======== SUPPLIED INFORMATION
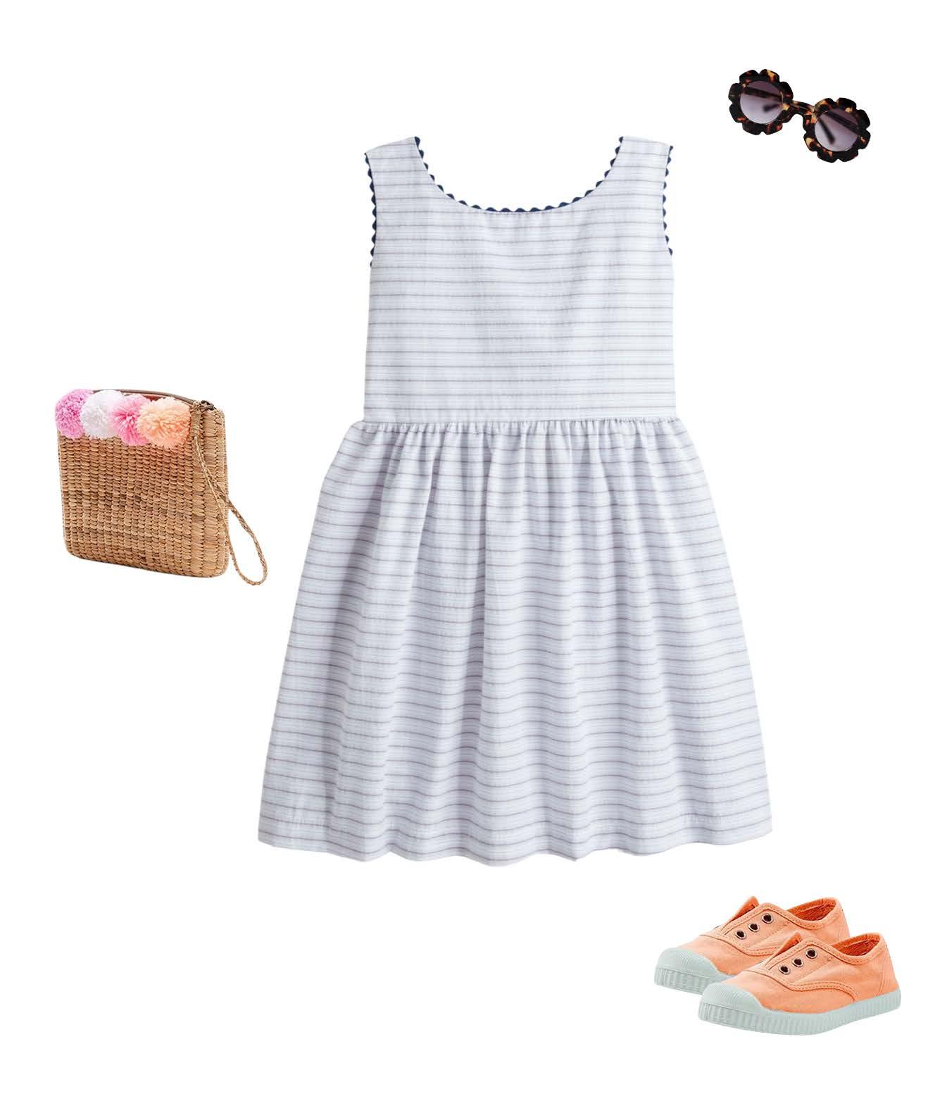 Open Back Dress. Navy Raya Stripe. Sizes 6-14y. $72 | Daisy Sunglasses. Amber Tortoise. One size. $15 | Wristlet Pouch Pom Pom. Eva Style. One size. $45 | Cienta Slip On Sneaker. Peach. Sizes 8.5-1. $39
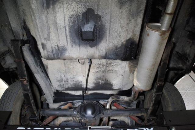 Mostly surface rust with the unibody remaining sound, but not without some areas of surface rust on the original flooring,suspension and rockers. We note new front floor pan and toe kicks courtesy of Auto Krafters, and these are the correct stamped style pans. Providing the ride is an independent coil sprung front suspension, and leaf spring rear suspension as well as drum brakes all around being noted with the front brakes having just been treated to new shoes.
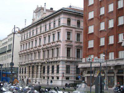 Nel 1883 la società delle Assicurazioni Generali, fondata nel 1831, commissionò all'ingegnere Eugenio Geiringer il progetto per la costruzione di un nuovo palazzo da destinare a sede centrale della compagnia. La costruzione dello stabile ebbe iniziò nel 1884, e terminò nel 1886. A partire dall'agosto del 1886 nel nuovo palazzo di piazza Duca degli Abruzzi, allora via della Stazione, si trasferirono tutti gli uffici che prima si trovavano in Palazzo Carciotti. Il Palazzo delle Generali fu il primo edificio a Trieste ad avvalersi della luce elettrica per l'illuminazione degli uffici. L'edificio, in stile neogreco, fu ampliato nella seconda decade del Novecento con un'ala retrostante. Nel vestibolo è collocato un grande bassorilievo bronzeo raffigurante guerrieri e vittorie alate, opera dello scultore genovese Luigi Supino. Nel 1939 Carlò Sbisa realizzò due affreschi nell'atrio del palazzo.
================
__EXERCISE GOAL__. After dropping the pictures, please set down the lines from the beginning of the listing through the line containing "Mostly surface rust", both included, exactly as they stand.

__THE COMPLETED TASK__.
 Open Back Dress. Navy Raya Stripe. Sizes 6-14y. $72 | Daisy Sunglasses. Amber Tortoise. One size. $15 | Wristlet Pouch Pom Pom. Eva Style. One size. $45 | Cienta Slip On Sneaker. Peach. Sizes 8.5-1. $39
 Mostly surface rust with the unibody remaining sound, but not without some areas of surface rust on the original flooring,suspension and rockers. We note new front floor pan and toe kicks courtesy of Auto Krafters, and these are the correct stamped style pans. Providing the ride is an independent coil sprung front suspension, and leaf spring rear suspension as well as drum brakes all around being noted with the front brakes having just been treated to new shoes.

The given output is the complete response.